▸ TASK BRIEF:
Once "Adsorption kinetic fitting" turns up in a line below, reproduce that line and those after it exactly, stopping after the line with "Perfect for evening"; leave pictures out.

== RECORDED INFORMATION ==

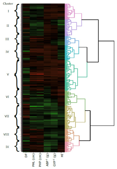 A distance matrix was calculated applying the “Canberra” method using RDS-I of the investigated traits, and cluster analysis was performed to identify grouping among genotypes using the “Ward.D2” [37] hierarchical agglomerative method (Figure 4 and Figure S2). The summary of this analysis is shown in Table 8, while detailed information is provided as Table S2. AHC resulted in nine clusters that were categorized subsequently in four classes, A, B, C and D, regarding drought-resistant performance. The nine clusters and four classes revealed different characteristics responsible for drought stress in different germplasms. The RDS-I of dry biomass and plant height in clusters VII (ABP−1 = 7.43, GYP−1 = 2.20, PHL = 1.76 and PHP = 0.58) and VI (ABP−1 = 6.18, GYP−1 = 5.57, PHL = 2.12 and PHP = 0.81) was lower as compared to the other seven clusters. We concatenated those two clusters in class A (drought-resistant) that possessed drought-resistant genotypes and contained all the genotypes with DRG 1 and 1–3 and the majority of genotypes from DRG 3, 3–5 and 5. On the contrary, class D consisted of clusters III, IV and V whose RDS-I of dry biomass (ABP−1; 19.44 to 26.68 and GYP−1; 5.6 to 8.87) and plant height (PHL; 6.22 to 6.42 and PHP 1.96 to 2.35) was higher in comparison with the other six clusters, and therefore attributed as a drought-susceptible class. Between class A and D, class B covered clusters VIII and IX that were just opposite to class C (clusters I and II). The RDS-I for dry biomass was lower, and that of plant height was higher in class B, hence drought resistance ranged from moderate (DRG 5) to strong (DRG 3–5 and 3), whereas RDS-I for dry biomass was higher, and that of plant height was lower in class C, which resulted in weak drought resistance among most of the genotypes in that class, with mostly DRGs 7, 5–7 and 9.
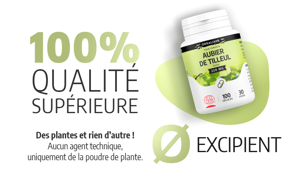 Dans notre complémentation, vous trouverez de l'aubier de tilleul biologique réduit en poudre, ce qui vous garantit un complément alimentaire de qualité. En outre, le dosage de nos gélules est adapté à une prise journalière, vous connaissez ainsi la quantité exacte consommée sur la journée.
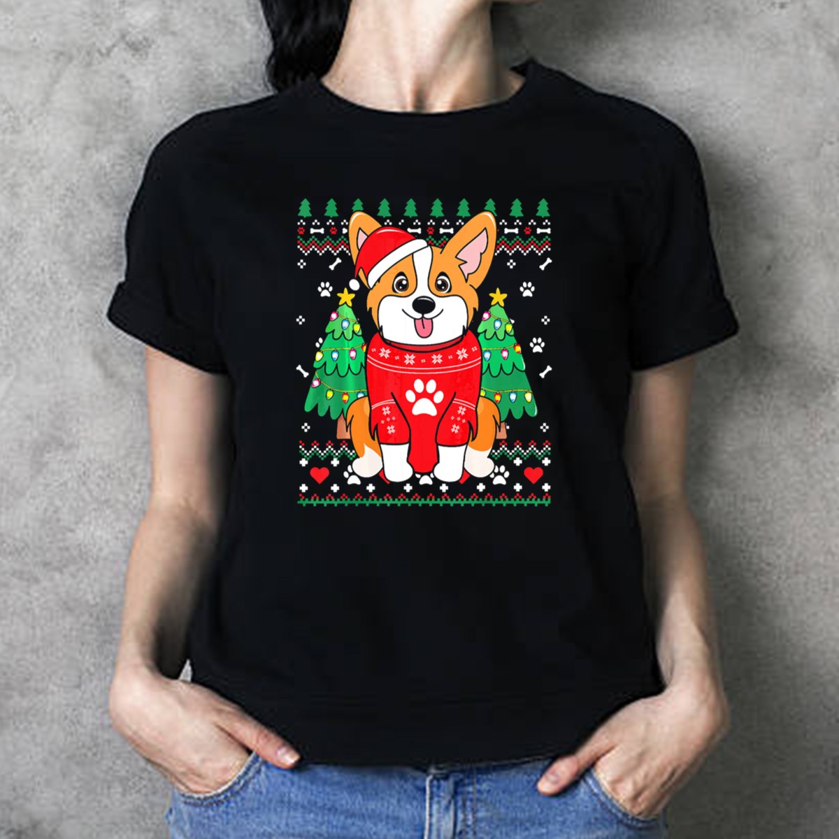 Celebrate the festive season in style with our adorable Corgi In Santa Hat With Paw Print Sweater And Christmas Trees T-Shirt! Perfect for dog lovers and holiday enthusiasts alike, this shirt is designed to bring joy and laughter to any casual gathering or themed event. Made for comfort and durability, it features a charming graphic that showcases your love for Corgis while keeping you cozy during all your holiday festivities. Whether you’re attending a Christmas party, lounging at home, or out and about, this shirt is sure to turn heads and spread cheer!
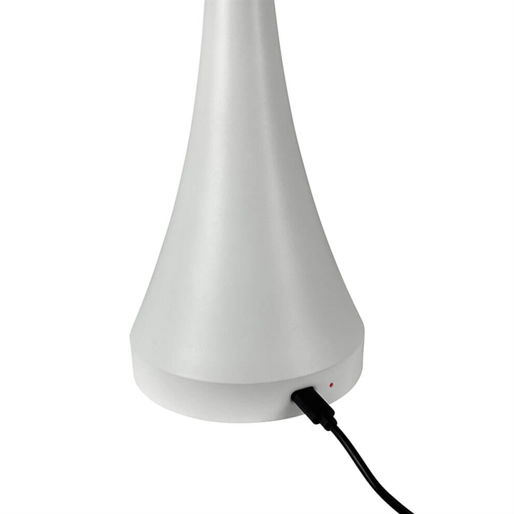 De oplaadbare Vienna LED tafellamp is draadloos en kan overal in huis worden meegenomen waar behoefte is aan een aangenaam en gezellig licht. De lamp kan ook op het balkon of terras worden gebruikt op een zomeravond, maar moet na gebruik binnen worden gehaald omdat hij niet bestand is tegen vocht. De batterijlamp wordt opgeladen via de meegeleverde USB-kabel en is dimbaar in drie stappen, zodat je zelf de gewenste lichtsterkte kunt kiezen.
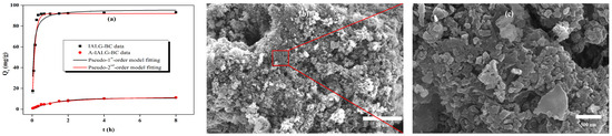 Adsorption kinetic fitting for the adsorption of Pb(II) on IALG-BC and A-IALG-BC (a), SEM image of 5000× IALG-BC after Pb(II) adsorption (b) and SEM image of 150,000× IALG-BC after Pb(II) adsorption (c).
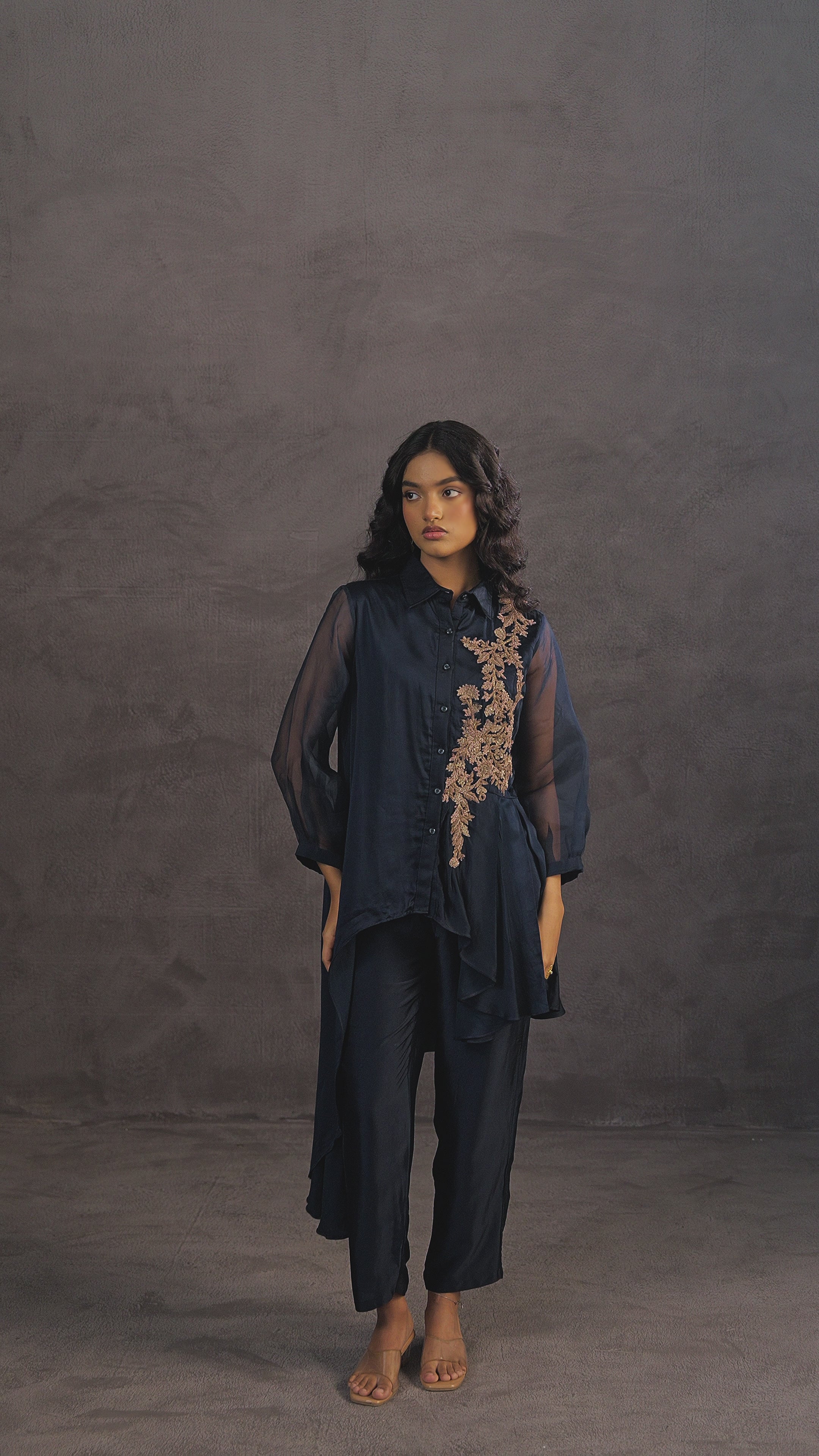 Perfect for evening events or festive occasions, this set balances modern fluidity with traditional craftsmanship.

===
== RECORDED INFORMATION ==

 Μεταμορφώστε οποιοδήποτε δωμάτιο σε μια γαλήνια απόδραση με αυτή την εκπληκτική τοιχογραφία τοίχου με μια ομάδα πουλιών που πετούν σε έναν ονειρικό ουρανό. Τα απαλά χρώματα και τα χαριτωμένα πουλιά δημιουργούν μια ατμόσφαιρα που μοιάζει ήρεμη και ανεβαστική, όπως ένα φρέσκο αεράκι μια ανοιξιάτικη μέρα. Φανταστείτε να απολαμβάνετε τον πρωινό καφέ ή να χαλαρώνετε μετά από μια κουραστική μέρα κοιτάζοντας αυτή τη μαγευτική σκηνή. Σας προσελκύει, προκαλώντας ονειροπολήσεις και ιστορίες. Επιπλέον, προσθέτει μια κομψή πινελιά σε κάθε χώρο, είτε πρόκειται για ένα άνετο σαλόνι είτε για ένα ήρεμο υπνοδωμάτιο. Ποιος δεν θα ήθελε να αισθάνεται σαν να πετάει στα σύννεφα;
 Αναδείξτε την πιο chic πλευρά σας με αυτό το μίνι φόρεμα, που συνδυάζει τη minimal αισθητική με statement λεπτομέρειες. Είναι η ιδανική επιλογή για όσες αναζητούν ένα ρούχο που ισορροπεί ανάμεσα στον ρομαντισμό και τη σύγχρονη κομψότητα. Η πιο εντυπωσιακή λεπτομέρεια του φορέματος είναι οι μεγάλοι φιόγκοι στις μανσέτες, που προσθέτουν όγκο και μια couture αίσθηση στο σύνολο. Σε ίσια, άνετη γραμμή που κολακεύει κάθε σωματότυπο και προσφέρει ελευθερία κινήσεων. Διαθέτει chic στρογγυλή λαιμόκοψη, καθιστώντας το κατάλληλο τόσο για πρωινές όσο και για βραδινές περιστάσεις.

===

▸ TASK RESPONSE:
 Adsorption kinetic fitting for the adsorption of Pb(II) on IALG-BC and A-IALG-BC (a), SEM image of 5000× IALG-BC after Pb(II) adsorption (b) and SEM image of 150,000× IALG-BC after Pb(II) adsorption (c).
 Perfect for evening events or festive occasions, this set balances modern fluidity with traditional craftsmanship.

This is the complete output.